11-11-2020 09:28 AM
I have a hub and spoke network with 7750 at the center and about 20 or so 7250/7150 switches(some in 2-3 switch stacks). There is a network outside of my control but utilizing my 7250/7150 switches for interconnect. i have 802.1w enabled for this vlan as well as loop-detection(under the vlan). What iv noticed is when that network gets a mac loop, instead of my edge port disabling, the uplink to the core goes down. Sometimes switches across the network will also go down. Its currently causing chaos in my network when this happens.
I have spanning-tree 802-1w admin-edge-port enabled on all edge ports and spanning-tree 802-1w admin-pt2pt-mac enabled on all uplinks. I have had support go over my config twice now and have told me the configuration is correct, but they havent been able to explain this behavior to me.
What am i missing?
Solved! Go to Solution.
11-11-2020 09:41 AM
Hey Christian,
We have a feature to make sure uplinks are not disabled. Please see here:
Loop detection should still work properly; we just won't disable the specified port.
11-12-2020 07:23 AM
Have you set the priority of your switches as to which one is root and so on down the line. If you have single links between your switch or LAG's and are in 100% control of the switches and the potential of a loop between stacks within a building or between buildings I would suggest BPDU-Filtering. This will limit the STP domain size to a single stack or stacks or a single building and also not allow the uplink ports between switch stacks or buildings to go down. I do this on all of our larger campus networks to help prevent exactly what you are experiencing.
11-16-2020 11:48 AM
I was under the assumption that having spanning-tree 802-1w admin-edge-port on edge ports dropped BPDUs? I ended up enabling loop-detection shutdown-disabled on all my uplinks. The network is stable once again and errdisabled ports are now correctly only the edge port.
11-16-2020 12:42 PM
To turn off STP on a port you would turn on STP-protect as it will drop bpdu's coming in on a port but not going out. You do a no spanning-tree to turn off STP protection per port.

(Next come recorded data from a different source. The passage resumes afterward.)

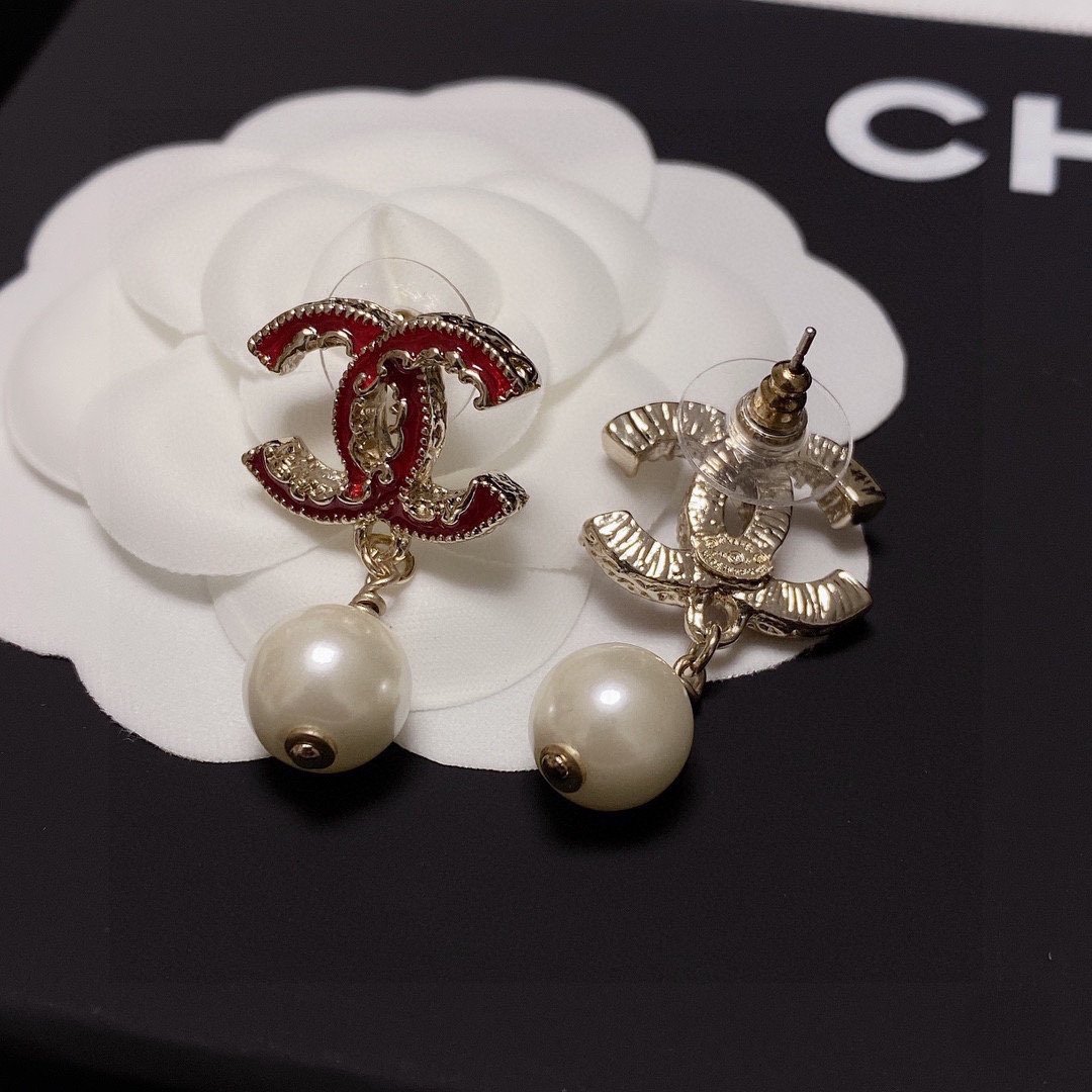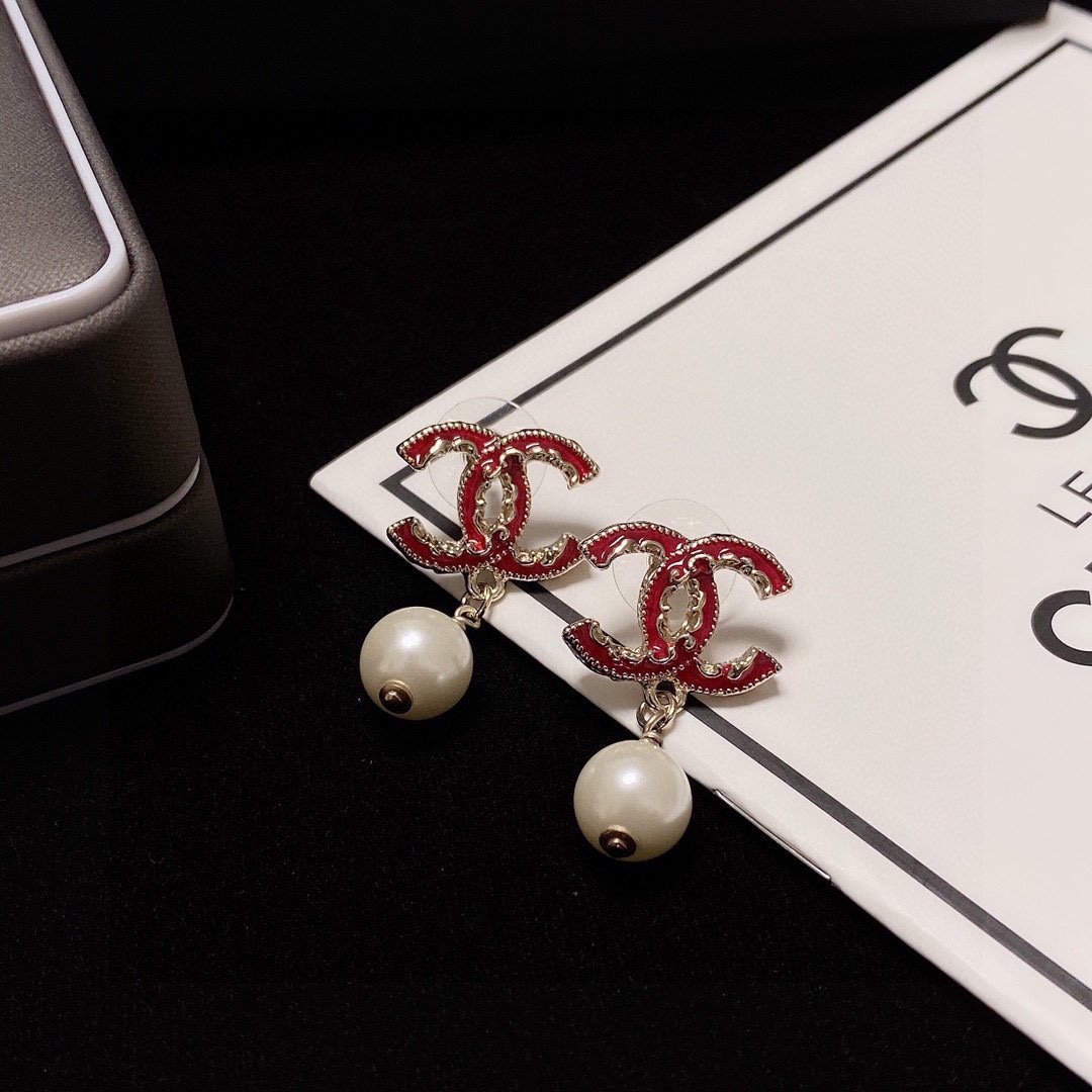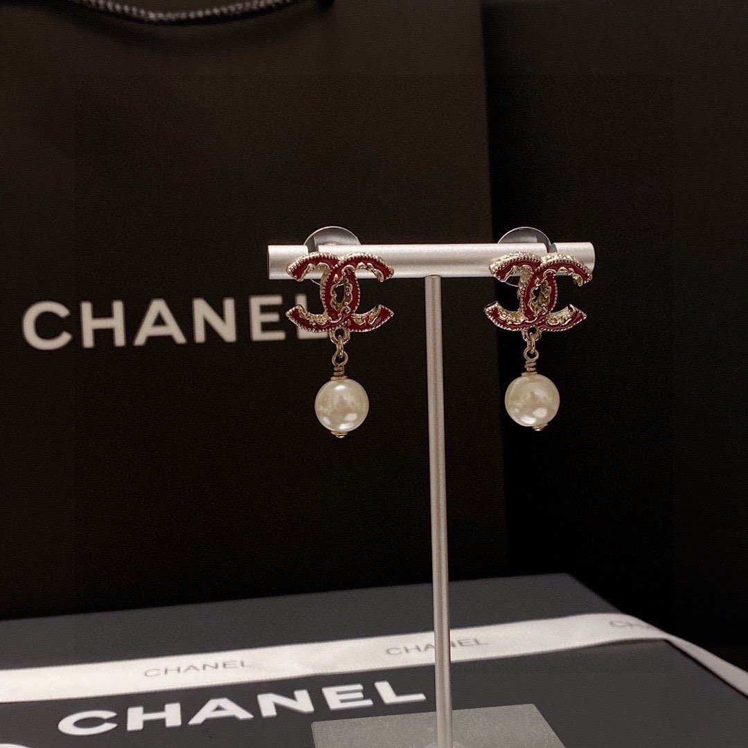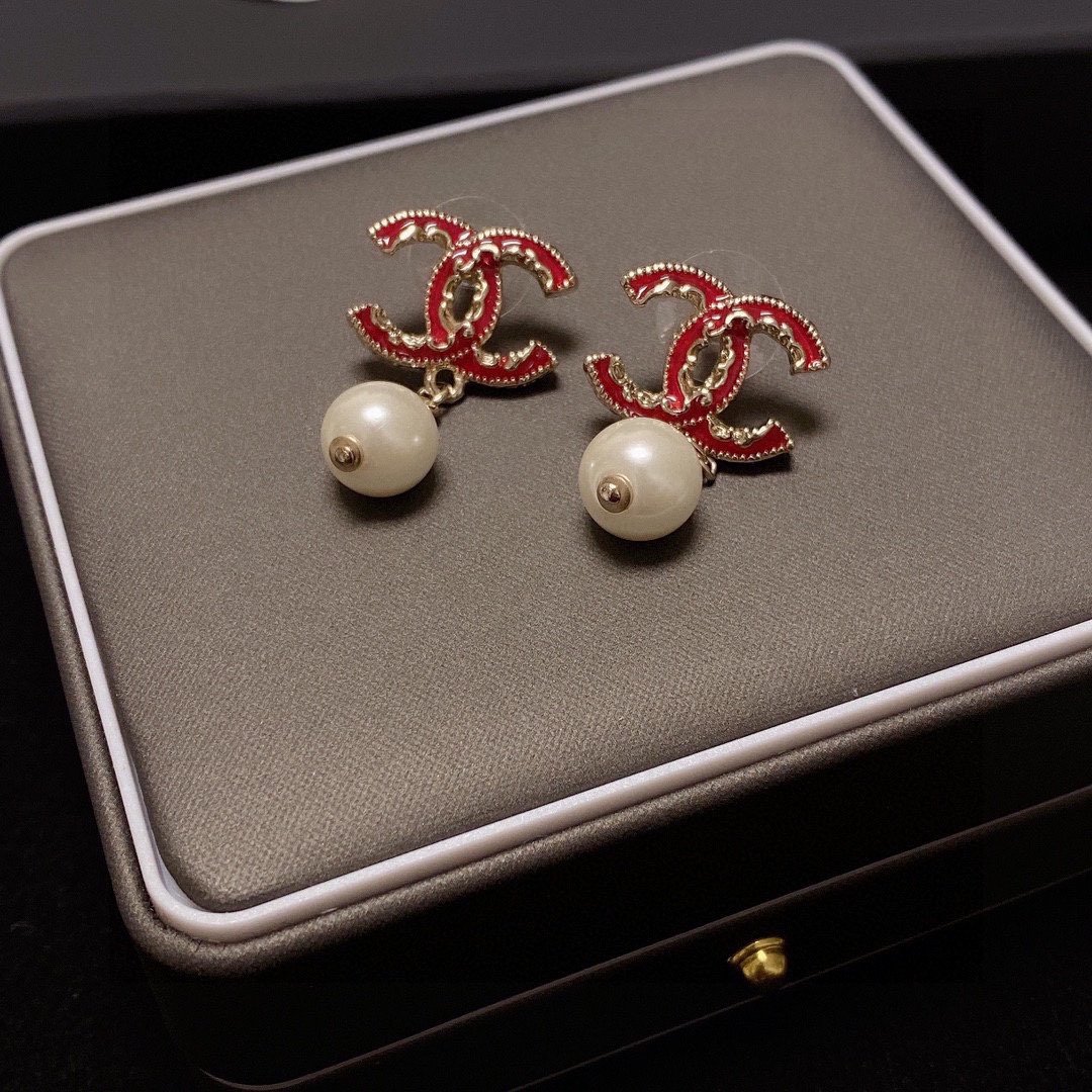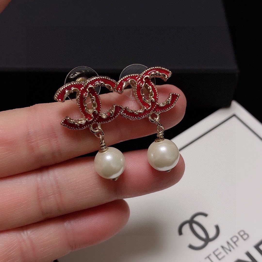 Chanel 珍珠耳环红色
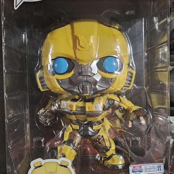 Funko Bumblebee with vibrant yellow and silver design. Features striking blue eyes. Ideal for collectors and fans. In its original box.
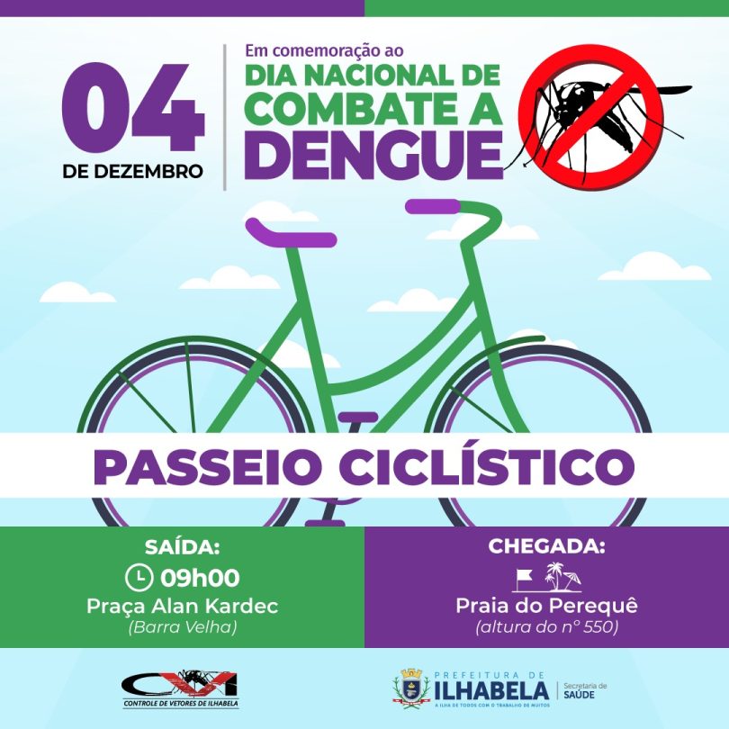 A Prefeitura de Ilhabela realizará no próximo sábado (4/12) o passeio ciclístico em comemoração ao Dia Nacional de Combate à Dengue, que aconteceria no penúltimo sábado do mês de novembro e em decorrências das condições climáticas, foi reagendado.

Loop-protect works with ports that have devices that are not running STP. It sends out a loop discovery packet and if it sees that packet come back it knows there is a loop and will disable the port as the packet should not come back into the port it went out. You should not have loop protect on the ports that connect switches together.
11-14-2020 10:59 PM
If the loop is on the uplink side with multiple redundant links pls try configure a lag to act as a bundle, however from STP perceptive make sure the ports and switches are fully converged to have a common root bridge to block all redundant links in your network.